What do you do to improve the value of your business?
- Start now with a plan. Do not wait. Now is the best time to start putting a plan in place to increase the value of your business when you are ready to sell. Do this even if your time horizon is out 10 years or more.
- Set a base line. Consider having your business professionally valued by an AICPA certified valuation expert. Depending on the size and complexity of your business, you may be able to get a professionally prepared valuation completed for $5,000 or less. This will give you a baseline to determine if the changes you are making are helping increase value. Consider doing this again in 3 years to validate you are making progress improving your business’s value.
- Improve your management. If you cannot affirmatively answer the question of whether or not your business can run without you, start now to determine what management changes must be made to positively resolve this major issue.
- Build a support team. If you do not have a board of directors, consider setting up a board of advisors to help you with resolving all of these issues. Have your board made up of your corporate attorney, your tax advisor and several trusted business owners, both in and out of your industry, that do not compete with you. Consider having quarterly board meetings with a formal report to the board showing what improvements have been made since the last meeting and what needs to be completed over the next quarter. This will help hold you accountable for moving forward and solving problems at the company level.
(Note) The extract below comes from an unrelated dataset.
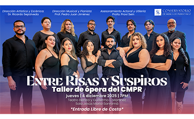 San Juan, PR – Bajo la dirección artística y escénica del Dr. Ricardo Sepúlveda, el Taller de Ópera del Conservatorio de Música de Puerto Rico presentará un concierto de escenas operísticas este jueves, 4 de diciembre de 2025, a las 7:00pm, en la Sala Jesús María Sanromá del Teatro Bertita y Guillermo L. Martínez del CMPR.

I have clients that insist this has been the single biggest driver that helped them improve their businesses.
- Contract with skilled consultants. Consider hiring professional help to document your current business processes, improve them if necessary and set up key performance indicators (KPIs) to evaluate your business daily, weekly and monthly. Any of Nperspective’s partners would be pleased to help you with this. We have established relationships with area bankers, accounting firms, law firms, human resource managers and other professionals that we can recommend to you to on an as-needed basis to improve the operations and the value of your business.
To obtain the value that you expect for your business, it is important to invest the time to get it ready to sell. These simple steps will help you before you want to consider selling your business and will help you obtain the valuation you deserve for all your hard work when the time to sell arrives.
Even if you are not selling, if you cannot answer these questions favorably, it means that some level of improvement to your business is needed now. A well-run business is ready to be sold at any time, and you never know when that opportunity may arise.